Thelma Lóa Hermannsdóttir

Personal information
- Date of birth: 14 November 1999 (age 26)
- Height: 1.73 m (5 ft 8 in)
- Positions: Midfielder; forward;

Team information
- Current team: FH
- Number: 11

College career
- Years: Team / Apps / (Gls)
- 2018–2022: Florida Atlantic Owls / 88 / (9)

Senior career*
- Years: Team / Apps / (Gls)
- 2016–2020: Fylkir / – / (–)
- 2020–2021: KR / – / (–)
- 2024: FH / 3 / (0)
- 2024–2025: Fort Lauderdale United / 8 / (0)
- 2025–: FH / 21 / (11)

International career^{‡}
- Iceland U17 / 2 / (0)
- Iceland U19 / 5 / (0)

= Thelma Lóa Hermannsdóttir =

Icelandicfootballer (born 1999)

Thelma Lóa Hermannsdóttir (born 14 November 1999) is an Icelandic professional footballer who plays as a midfielder or forward for Besta deild kvenna club FH. She played college soccer in the United States for the Florida Atlantic Owls before joining USL Super League club Fort Lauderdale United FC for one season. She has also previously played domestically for Fylkir and KR.

== Early life ==
Thelma Lóa was raised in Reykjavík, where she attended primary school at Árbæjarskóli. Her parents are former Iceland national team captains Hermann Hreiðarsson and Ragna Lóa Stefánsdóttir, while her sister is fellow professional footballer Ída Marín Hermannsdóttir. At age 17, Thelma Lóa started playing professionally in 2016 with Fylkir of the Úrvalsdeild kvenna. She was an unused substitute in her first 3 games in the squad before debuting as a second-half substitute in a match against Þór/KA. She scored her first professional goal on 20 July 2016, against Selfoss. In 2018, her final year playing in Iceland full-time, she scored Fylkir's lone goal in a lopsided 9–1 Icelandic Women's Football Cup semifinal defeat to Stjarnan.

== College career ==
Thelma Lóa moved to the United States in 2018 to study abroad at Florida Atlantic University. She played five seasons of college soccer for the Florida Atlantic Owls, scoring recording 9 goals in 88 games played. In her freshman and sophomore years, she was a bench player, starting in 2 of her 18 appearances in 2018 and then starting in zero of her 21 appearances the following season.
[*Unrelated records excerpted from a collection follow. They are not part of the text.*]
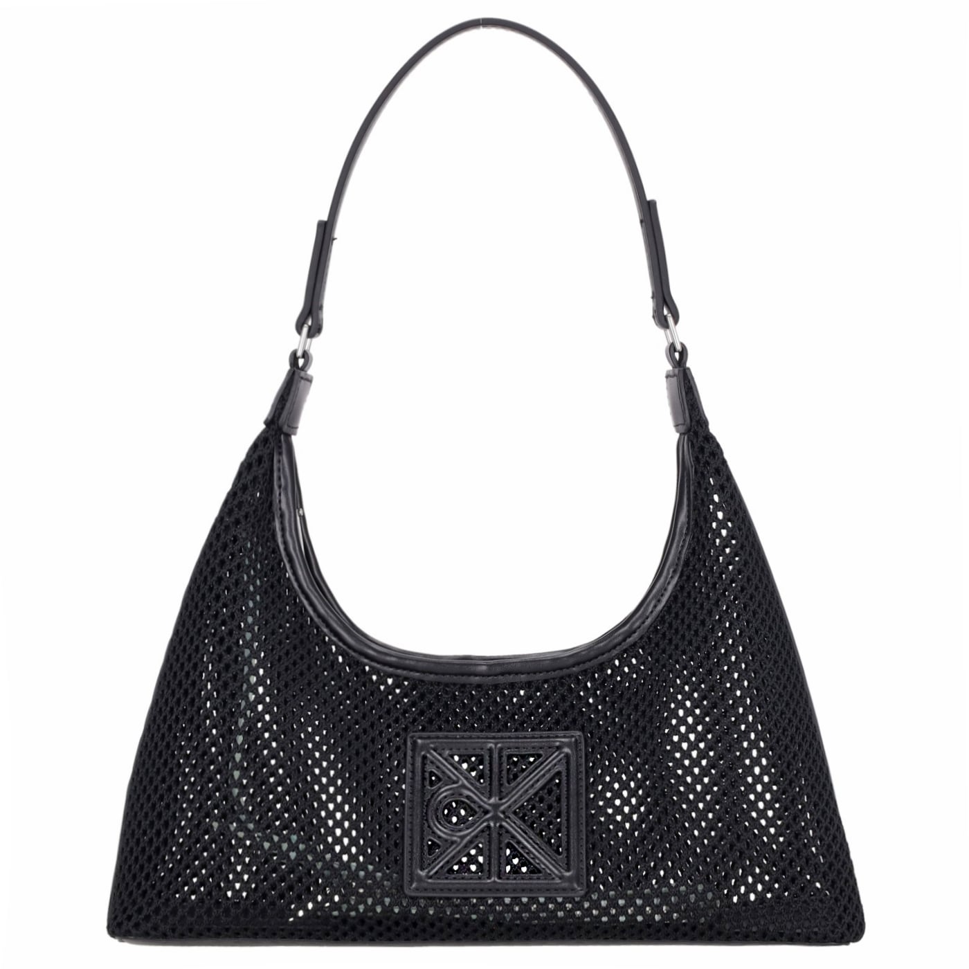 Calvin Klein Henkeltasche Emblem Mesh Shoulder Bag black, Damen Handtasche schwarz aus Polyester
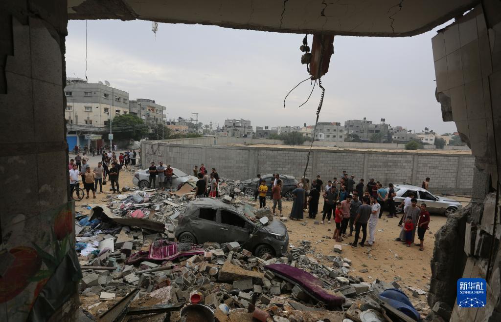 10月29日,在加沙地带南部城市拉法,人们聚集在被以军空袭损毁的建筑附近。
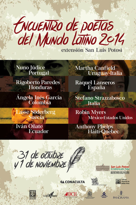 La Dirección de Publicaciones y Literatura de la Secretaría de Cultura, en coordinación con la Biblioteca Central del Estado y el Instituto Potosino de Bellas Artes, invitan al Encuentro de Poetas del Mundo Latino 2014 extensión San Luis Potosí, el cual se desarrollará éste viernes 31 de Octubre y el sábado 1 de noviembre, con la participación de poetas de prestigiada trayectoria provenientes de Portugal, Honduras, Colombia, Suecia, Ecuador, Uruguay, Italia, España, México, E.U, Haití, Canadá, y poetas potosinos.
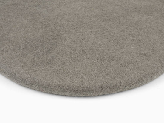 Redondo, cojín de asiento plano gris de lana virgen pura.
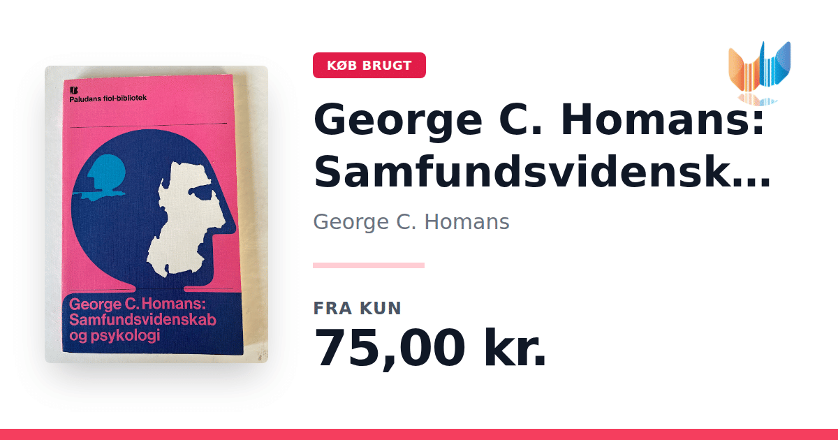 Lige nu kan du købe "George C. Homans: Samfundsvidenskab og psykologi" af George C. Homans til kun 75,00 kr. Bogen du ser her er brugt, og i perfekt stand. Vi har i øjeblikket kun et enkelt eksemplar til salg af "George C. Homans: Samfundsvidenskab og psykologi", så slå til mens du kan!

Thelma Lóa was not able to play collegiately in 2020 due to the COVID-19 pandemic. Instead, she spent a short stint back in Iceland with KR, gaining playing time in the lead-up to the NCAA's return to action.

As a junior back at Florida Atlantic in the 2021 spring season, Thelma Lóa scored twice, first in the Owls' season-opener, and then in the team's regular-season finale. She also notched an assist in Florida Atlantic's Conference USA tournament opener against Southern Miss. In the fall of 2021, Thelma Lóa played in all 18 of the Owls' matches and posted a season-high 78 minutes against Charlotte in the CUSA tournament. Finally, as a fifth-year player in 2022 (athletes were offered an additional year of NCAA eligibility due to the COVID-19 pandemic), Thelma Lóa had her most successful season, scoring a career-high 6 goals and earning third-team All-CUSA honors. Three of her six goals came in a hat-trick against UTEP in October 2022. She also scored the equalizer in a comeback win over Charlotte in the CUSA tournament semifinals en route to a CUSA tournament runner-up finish.

== Club career ==
After graduating from college, Thelma Lóa joined FH. She participated in 3 games for the club in the 2024 Besta deild kvenna.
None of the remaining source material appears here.